Archive for June, 2008

God Night

I feel like I am coming home to myself at last.  I needed a bit of summer to restore my spirit.  Today I went to the park and built Bead People underneath a tree.  It is so strange how those little characters can restore my equilibrium.  The project itself is beginning to grow outside of my own creations.  My daughter, Nichol, has started the first outside Chapter of Friends of The Bead People in Lincoln, NE.  And, in typical Nichol style, she has created a beautiful, enchanted booth that makes me want to go to Lincoln and build a few just to sit inside of it.  She called the other night and told me that she had three blind people building bead people in her tent.  It was such a lovely image I nearly got teary-eyed.

It is strange how engaging such a simple project can be.  It reminds me that beads have been a part of every single human culture since the beginning of time.  They have been created from mud and glass and seeds and shells.  They have been used to adorn, as money, and of course, as gifts.  It must be embedded into our collective souls-this love of beads. 

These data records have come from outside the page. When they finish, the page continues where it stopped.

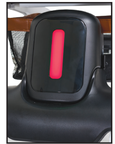
Highly Visible Rear Lighting
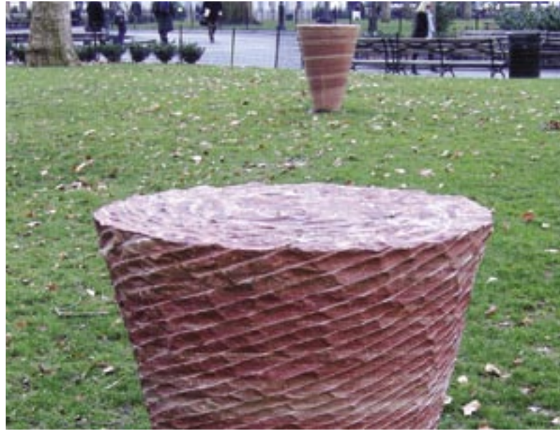
Foreground: One Meter Tornado (External) , 2004 Quartzite Background: One Meter Tornado (Internal) , 2004 Quartzite
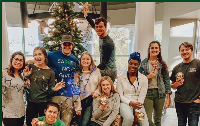
Students decorating AdventHealth Hall for Christmas
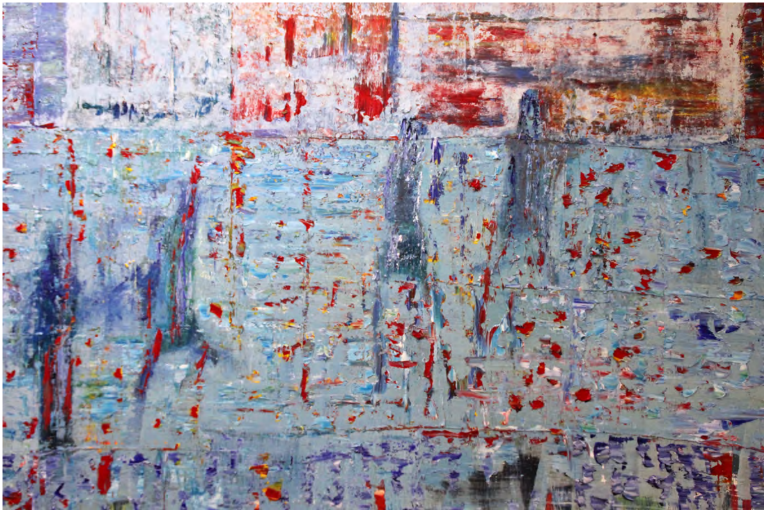
Detail Morning Party

Sadly, her partner Lynette, who is 7 months pregnant, has been told she needs to be on bed rest for the remainder of her pregnancy.  Although I’ve never met her, her energy and enthusiasm for the Bead People has reached me from 11 hours away.  We will hold her in our thoughts and prayers.  Nichol also told me that she sent her husband home with a list of necessary items she would need for her hospital stay-and top of the list were her Bead People supplies. 

We are now inviting others to get involved.  You can see details and meet Nicci and Lynette at www.thebeadpeople.org.  In recent weeks we have had money donations for printing, bead donations from as far away as Australia, and several requests to get involved.  Two women at our own Journey Museum fell madly in love with The Bead People and I spent over an hour with them as they handled each little person in order to pick the ones they wanted for the gift shop.  I loved watching them play.

That is what the project is about.  It is play-with a mission.  It gives us a way to sit around and get to know each other and to talk about life and how to create the world we all want, where “family” takes on a much bigger meaning.  I love the Lakota saying, Mitakeya Oyasin-We are all related.  I believe that in my heart.  Our humanness so outweighs the differences.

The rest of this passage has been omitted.